You’re always asking, “What’s in your backpack?” Let’s dive in.

Are you ready for more summer hiking guides?! (Rhetorical 🎉) A few months ago, I shared all of my favorite summer hiking clothes in XO, MU. Today, I’m sharing what’s in my pack every time I head out on the trail, keeping safety, comfort, and “leave no trace” in mind.

Note, I’ve invested in some of my hiking gear because I’m in the mountains a lot, but you don’t need to break the bank to explore your local trails in summer and fall. Scour the online sales, buy used packs from your local gear swap, and add to your collection gradually, as your budget allows.

Pack: I’ve used the same day pack for four years—the Ultimate Direction Fastpack 15L. For day hikes in summer, 15L is plenty big—that holds my base layer and rain jacket (if needed), snacks, water, a book, and even a small towel for swimming. If you have a family and are packing gear for more than one, consider sizing up to their 20L pack. All of their bags have convenient wide pockets on the front straps (easy to get to without removing the pack) for your phone, sunglasses, and snacks. They don’t have a waist belt, however, so if you’re really loading them up, they may not be as comfortable. Note, they also make a 20L specifically cut for smaller/narrower bodies, but I haven’t tried that one yet.

Water reservoir: You’re definitely going to want to invest in a reservoir (sometimes called a “water bladder”) so you aren’t stopping every five minutes to fumble with a bottle. These 2L or 3L reservoirs go right in a little pouch in your pack with a tube that goes straight to your mouth. I’ve been using this Hydrapack Shape Shift reservoir that turns inside-out to clean—no more mucky, moldy corners where you can’t quite reach your sponge. Invest in this—the $35 is worth it. (And go for the 3L; too much water is always better than not enough.)

I also have several Life Straws, and throw one in on longer hikes. They’re small, light, and let you suck the most disgusting water out of a puddle or lake without fear. They’re a hiking/backpacking must-have, but take the time before you hit the trail to learn how to use one. (Hint: they only work once they’re “primed” with water. Practice at home.)

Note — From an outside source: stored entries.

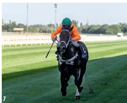
■ 1. Eggi's Choice a jártatóban | 2. Koszorúzás a Kincsem-szobornál | 3. Light Blue Sky nyerte az Imperiál Díjat | 4. Finis az Imperiál Díjban | 5. Díjátadás az Imperiál Díj után | 6. Vain Hope és Marlon | 7. El Prado's Joy

nem tudott küzdelemben kerülni, és a nyolc induló között az ötödik helyet szerezte meg. A Kincsem Díj megnyerésével élete legnagyobb sikerét aratta és eddigi legmagasabb pénzdíját vihette haza. Hogy a sikere mit jelent? Markoni LP versenyben elért 75-ös hendikepszámát látva elmondhatjuk, hogy az elmúlt három év Kincsem Díjai ennél erősebbek voltak, hiszen tavaly Opasan 1,5, két éve Nancho
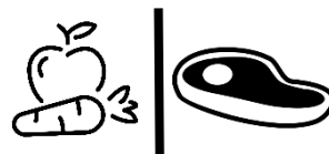
조리되지 않은 육류는 과일 및 채소와 분리하십시오
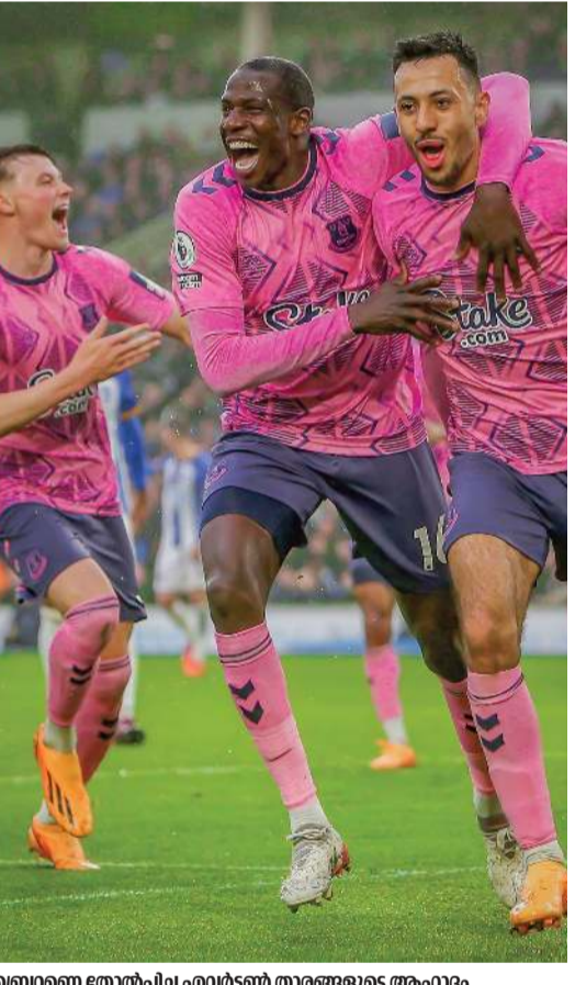
ബ്രെന്റ്ഫോർഡ് നോർപ്പിള എവർട്ടൺ താരങ്ങളുടെ ആഘോഷം

ലണ്ടൻ ഇംഗ്ലീഷ് പ്രീമിയർ ലീഗിൽ മൂന്ന് കളിയിൽ പിറന്നത് 21 ഗോൾ. പ്രമുഖ ക്ലബ്ബുകളുടെ മത്സരങ്ങൾ അല്ലാതിരുന്നിട്ടും ഗോളുകൾ കൂറുവണ്ടായില്ല. ബ്രെന്റ്ഫോർഡ് തോൽവിയായിരുന്നു ഇതിൽ പ്രധാനം. ബ്രെന്റ്ഫോർഡ് 1-എവർട്ടൺ തകർത്തു. ഫുൾഹാം ലെസ്റ്റർ സിറ്റിയെ കീഴടക്കിയത് 5-3ന്. നോട്ടിങ്ഹാം ഫോറസ്റ്റ് 4-3ന് സതാംപ്റ്റൺ കീഴടക്കി. ബ്രെന്റ്ഫോർഡിന്റെ യൂറോപ യോഗ്യതാ പ്രതീക്ഷകളെ തകർത്താണ് എവർട്ടൺ കൂറ്റൻ ജയം സ്വന്തമാക്കിയത്. 55 പോയിന്റുമായി ബ്രെന്റ്ഫോർഡ് ഏഴാമതാണ്. എവർട്ടൺ പതിനേഴാം സ്ഥാനത്താണ്. മൂന്ന് കളി ശേഷിക്കെ എവർട്ടൺ താൽക്കിലകമായി താരങ്ങളുടെ മേഖലയിൽനിന്ന് രക്ഷപ്പെട്ടു. ലെസ്റ്റർ, ലീഡ്സ്, സതാംപ്റ്റൺ ക്ലബ്ബുകൾ താരങ്ങളുടെ മേഖലയിലുള്ളത്.
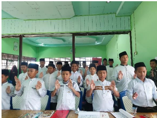
Pembinaan awal santri baru

LMNT electrolytes: This is perhaps the most valuable item in my pack, besides water. It’s always a good idea to replenish electrolytes, especially in summer. I throw a stick of LMNT in my 3L water reservoir before I hit the trail, and leave an extra packet with 2L of fresh water in my car. Dehydration can happen fast on the trail, especially in summer. Sipping on electrolytes throughout my hike is a delicious way to make sure I stay energized. fresh, and leg-cramp-free.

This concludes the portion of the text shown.